Golden Hind. The romantic name conjured up images of imperial glory, of full-rigged merchant ships and pith helmets and Bengal Lancers. From the cabins of the Empire-class flying boats passengers could gaze down on the Nile, on the vastness of India, on nomadic desert caravans. The Empire boats carried the flag to the outposts of the world. They maintained, briefly, the illusion that Britannia still ruled not only the waves but perhaps even the skies.
20
Boats of the Reich
Elsewhere in Europe, swastikas had begun to adorn the tails of Deutsche Luft Hansa aircraft. With the rise of the Third Reich, the general suspicion of all things German deepened in Britain, France, and the United States. Germany’s flag-carrier, DLH, found itself largely ignored in the negotiating of North Atlantic air facilities.

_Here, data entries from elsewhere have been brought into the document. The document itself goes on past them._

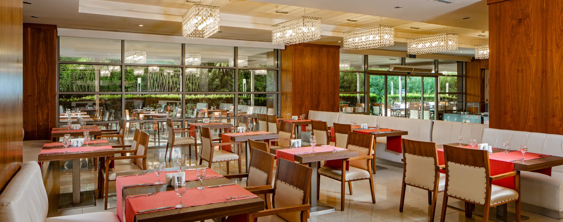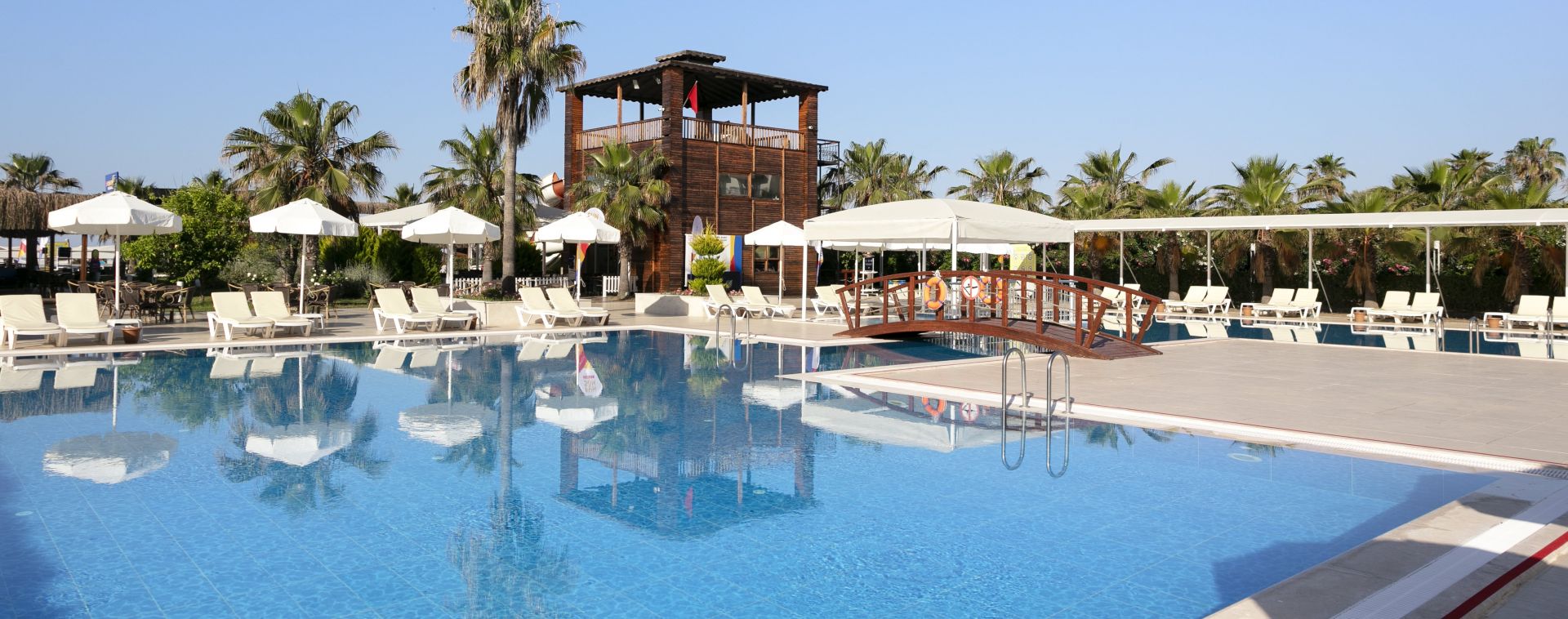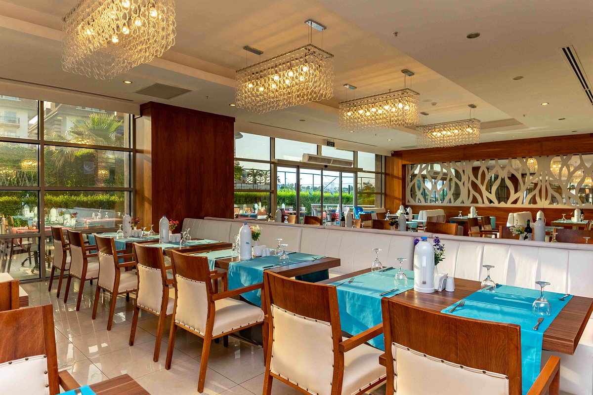 Основен ресторант, 3 бара, конферентна зала, 3 басейна, 4 водни пързалки, тенис на корт, салон за красота , СПА център, лекар, интернет кафе, пране.
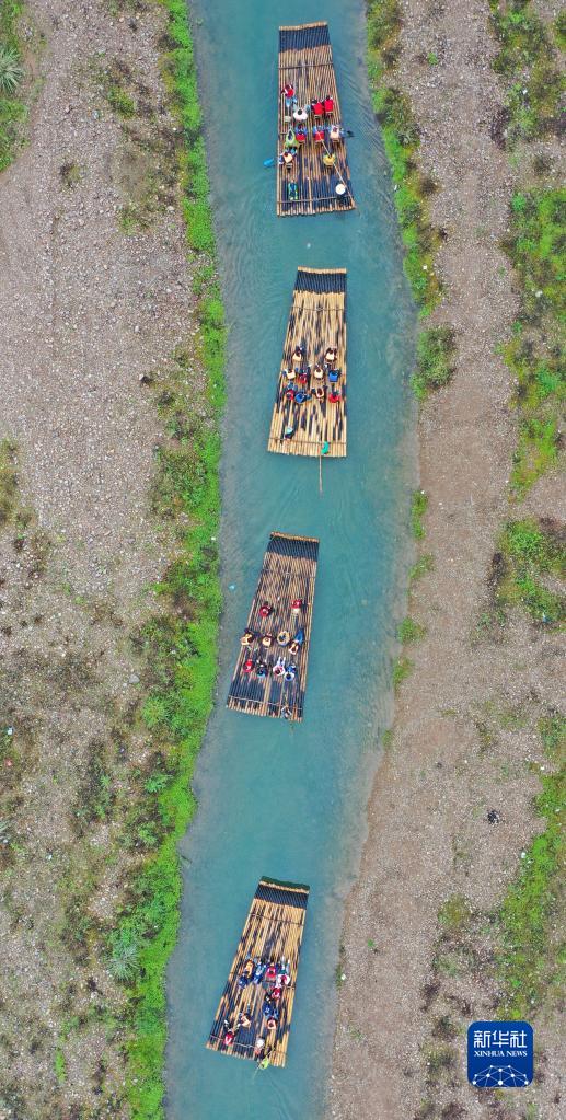 4月29日,游客在浙江省台州市仙居县永安溪体验生态竹筏漂流(无人机照片)。
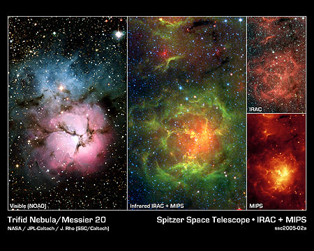 “斯必泽”拍摄的不同红外波段的人马座三叶星云(图中和右的3幅)与光学照片(图左)的比较。光学照片中将星云分为三个部分的暗线在红外照片里都变得明亮起来。“斯必泽”在三叶星云里发现了许多新生的恒星,在照片中呈现为红色或者*。
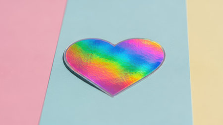 A vibrant, holographic heart-shaped sticker is prominently displayed on a solid blue background. The sticker exhibits a spectrum of colors, including shades of pink, blue, green, and yellow, creating a visually striking effect. The image evokes feelings of love, diversity, and positivity.
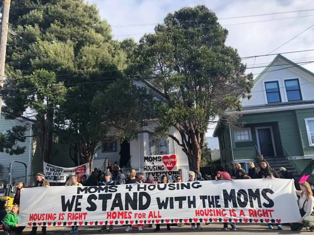 David Solnit, Community Support Outside of Magnolia House, Jan 2020. Reproduction courtesy of David Solnit and Moms 4 Housing.
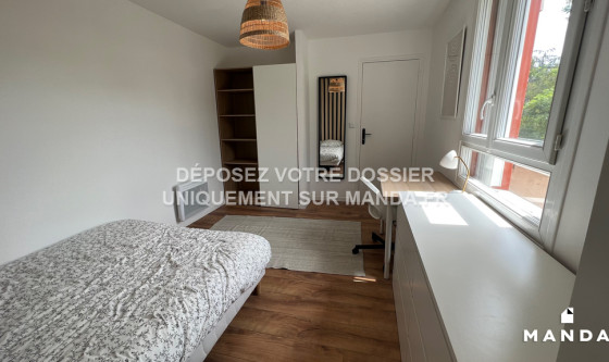 Logement Manda ! Visitez et déposez votre dossier uniquement sur notre plateforme ! Nous ne vous enverrons jamais le bail ou le RIB par mail - tout est sécurisé sur notre plateforme. Située à Toulouse, cette chambre à louer dans une colocation se trouve rue de la Mayenne. Non loin l'université et de la gare de Gallieni-Cancéropôle, le logement est proche de l'arrêt de bus « chemin de papus » (1 min à pied), qui permet de rejoindre la ligne de métro A en 7 minutes (arrêt Mermoz). Proche également de toute commodité et notamment situé à deux minutes à pied du supermarché Eden Market, il dispose d'un balcon filant. Internet, eau chaude, chauffage et électricité sont inclus dans les charges. Le logement est éligible aux APLs. La chambre concernée par cette location se compose d'un lit double, d'un bureau et d'une armoire. Les parties communes se composent du reste de l'appartement, avec un grand salon-séjour, d'une cuisine séparée et équipée, d'une buanderie, d'une salle d'eau. Les WC sont séparés. L'immeubles dispose de places de stationnement libre au sein de la résidence. Cette jolie chambre dans une colocation n'attend plus que vous ! VOUS POUVEZ VISITER PLUS DE 3 000 LOGEMENTS (visite virtuelle + vidéos) ET DÉPOSER VOTRE CANDIDATURE SUR LE SITE WEB MANDA (REF : MANDA-37205) Référence du bien : MANDA-37205
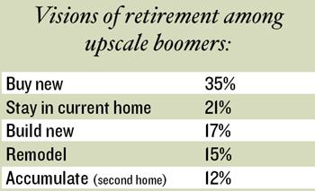 Could it be that the so-called “Me” generation still wants it all? You bet. Is it possible to design homes that leave these eager buyers feeling at once inspired, pampered, and prepared for the future? Hanley Wood handed the data over to two seasoned architects to tackle that question. From there, two concept houses emerged: a new suburban compound, conceived by Ed Binkley, national design director for Blood-good Sharp Buster (BSB), and a retooled plan for an existing subdivision by New York architect Dennis Wedlick. Below we extract some of the most salient findings from our study, throw in some other boomer data for good measure, and use the architects’ prototype designs to illustrate how the latest insights might translate into new visions of home.
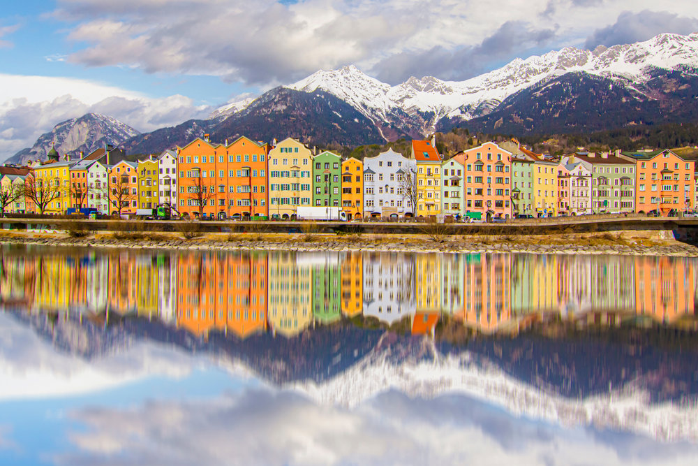 Η φημισμένη πόλη περιβάλλεται από τις αλπικές βουνοκορφές της Αυστρίας και έχει φιλοξενήσει 2 Χειμερινές Ολυμπιάδες. Εκεί μεταξύ άλλων θα θαυμάσουμε την μπαρόκ αρχιτεκτονική της Μαρίας Θηρεσίας, αλλά και τη Χρυσή Στέγη: Πρόκειται για ένα έρκερ -κάτι σαν προεξέχον μπαλκόνι 2 ορόφων- που πρόσθεσε το 1500 ο αυτοκράτορας Mαξιμιλιανός στην κατοικία του προκατόχου του, αυτοκράτορα Φρειδερίκου Γ'. Είναι καλυμμένη με 2.657 επίχρυσα χάλκινα πλακίδια, εξ ου και η ονομασία της.
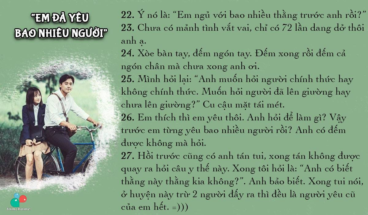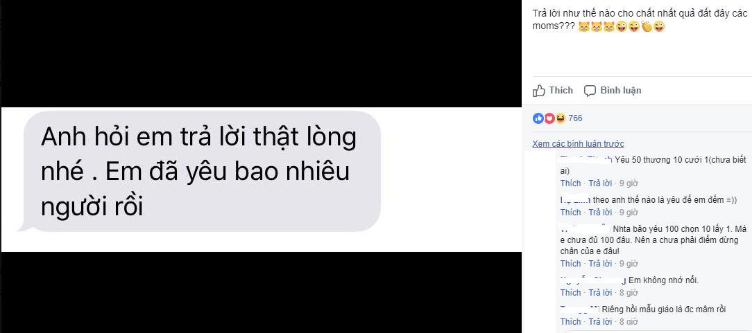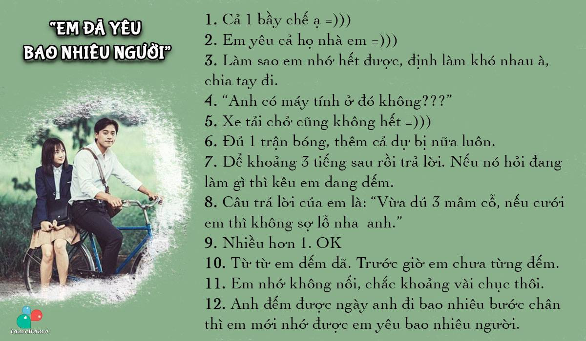 Những câu trả lời đầy tính “trả treo” và cũng rất sáng tạo của hội chị em cho câu hỏi: “Trước anh, em đã từng yêu bao nhiêu người rồi?” chắc chắn sẽ khiến người đọc phì cười, còn người nghe thì câm nín đó nha.
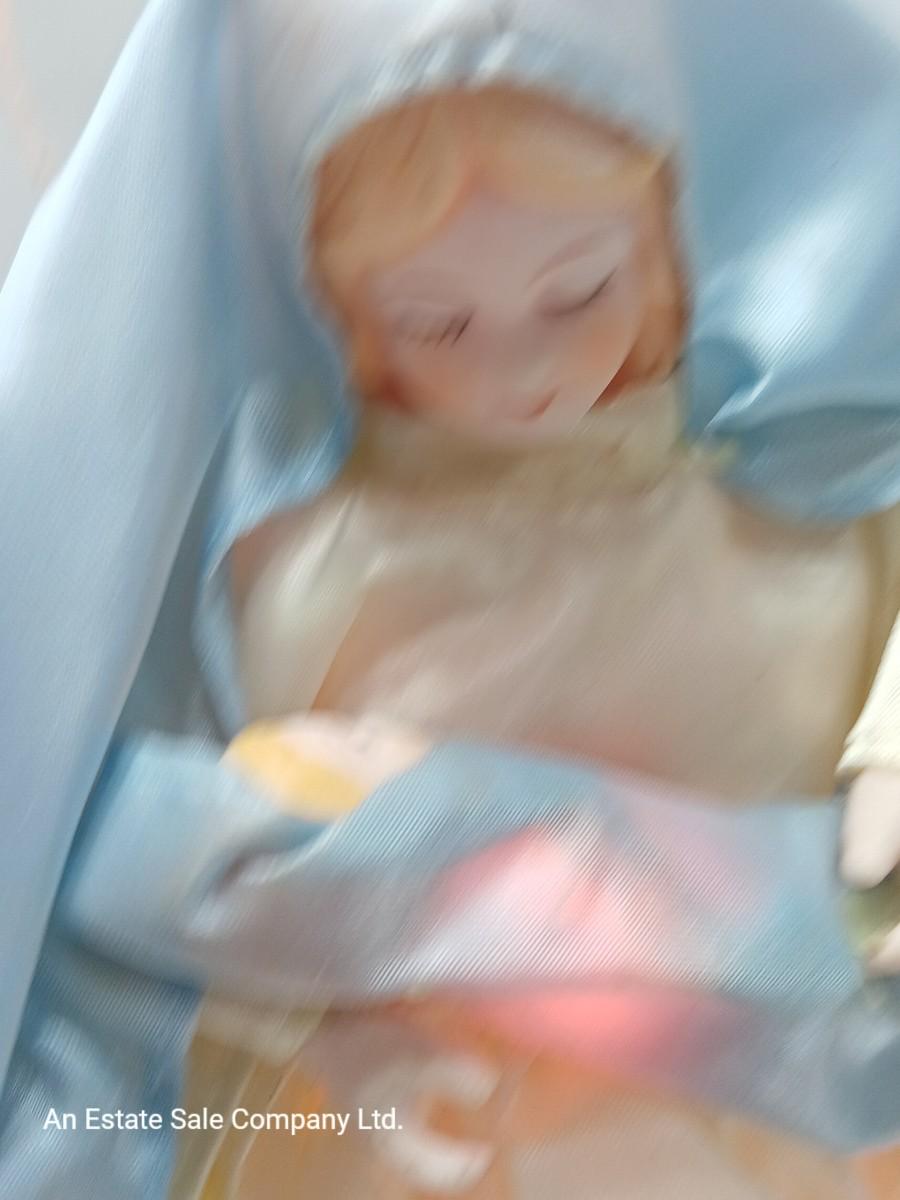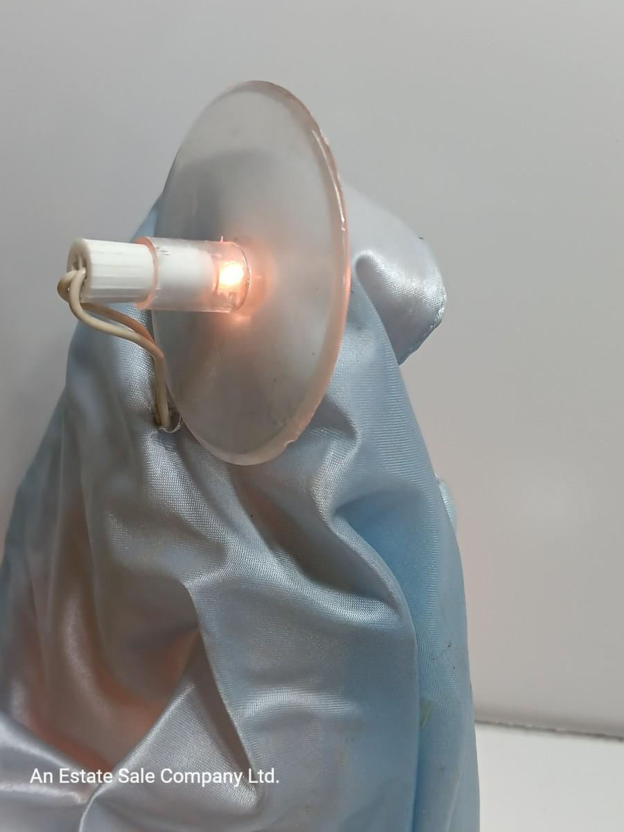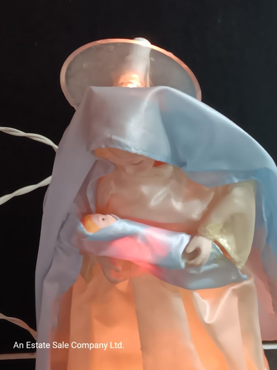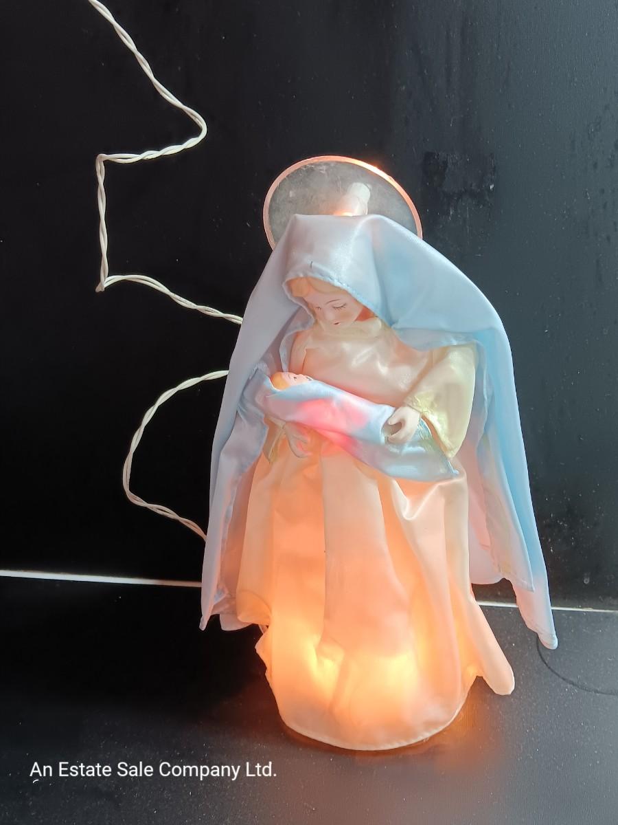 Very RARE and Beautiful Christmas Tree Topper or Holiday Decoration of the Virgin Mary holding Baby Jesus. The inside plastic cone is surrounded with lights and there is a light in the halo (see picture). All lights appear to work. Mary Stands 10" Tall with Porcelain Hands & Head. Baby Jesus also has a Porcelain head.by House of Lloyds ( label is missing). Mary is adorned in Blue/White Cloth/Fabric with Baby Jesus Wrapped in Matching Blue Cloth. This is truly a wonderful find and sure to bless any tree!
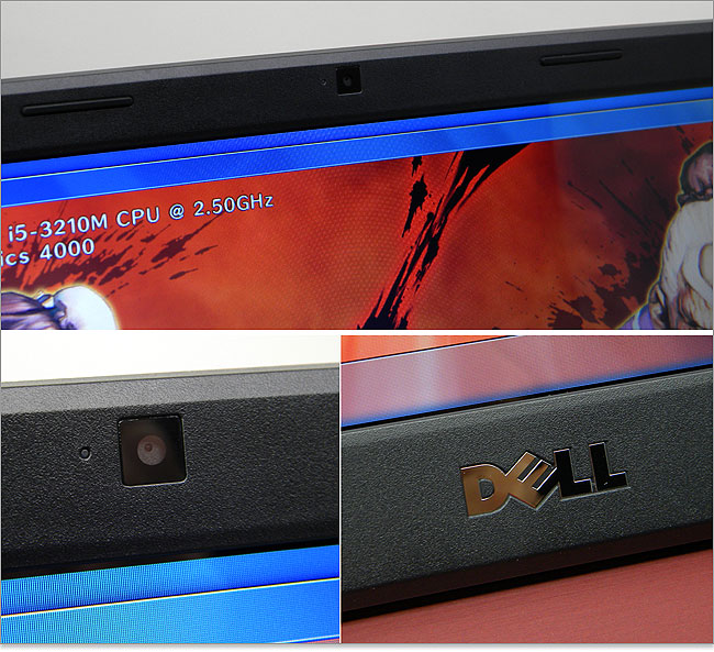 ディスプレイベゼルの上部に100万画素Webカメラを内蔵。ベゼル下部にはメッキ加工されたDELLロゴ。

Britain controlled the landing rights in Shannon, Bermuda, and Newfoundland. France’s Aéropostale, prior to its demise, had negotiated exclusive access to the Azores base at Horta. The Americans, in the person of Juan Trippe, controlled the rights to the eastern shore of the United States. The Germans had no card of their own to play.
But ambitious Germany had already launched what was the first transatlantic commercial air service with the airships Graf Zeppelin and, later, the Hindenburg. With catapult ships in the South Atlantic, Wal flying boats were flying a regular mail service.
Now the Third Reich placed its bets on a new series of Dornier flying boats. The first of these, the Do 18, was a direct descendant of the Wal. Her seventy-seven-foot nine-inch tapered wing was parasol-mounted on a faired centerline pyl
on. The two tandem-mounted Junkers Jumo 540/600-horsepower diesel engines were slickly cowled into the center section of the wing. Six of these handsome aircraft went to DLH, and the remainder of the production series were marked for Luftwaffe duty.1
In the summer of 1936 DLH obtained agreement from the British and the Americans to operate an experimental mail service in the North Atlantic. The agreement contained numerous restrictions, including limits on the amount and type of mail and allowing the use of Newfoundland bases only in the event of inclement weather.2
Two DLH Do 18s, christened Zephir and Aeolus, were stationed aboard the depot ship Schwabenland. In September the pair took off from the Azores on separate headline-grabbing flights. Zephir flew nonstop to New York in twenty-two hours twelve minutes, arriving with a reserve of ten hours’ fuel. On the same day Aeolus flew directly to Bermuda in eighteen and a quarter hours and then continued on to join her sister ship in New York.
In March 1938 a Do 18, modified for a heavier maximum weight and given an extended wing span, was catapulted from the Westfalen in the English Channel. The Dornier flew southwestward over the Atlantic, nonstop to Brazil, an astonishing journey of 5,214 miles in a flight time of forty-three hours. This feat captured the world’s straight-line distance record, which had been set at 4,447 miles by a Japanese Kawanishi H8K2 Emily flying boat.3
The depot ships dragged behind them a large canvas apron that was used to flatten the water for the landing mail plane. In rough seas, oil was poured on the water to calm the waves. The mail plane would be hoisted aboard by crane, refueled, then catapulted on her way again. The German catapults used propellants of compressed air, accelerating the flying boats down a 110-foot track from zero to ninety-five miles per hour in two seconds. To stretch their range, the mail planes would often fly for the next several hours only a few feet above the sea, riding the cushion of air beneath their wings called ground effect.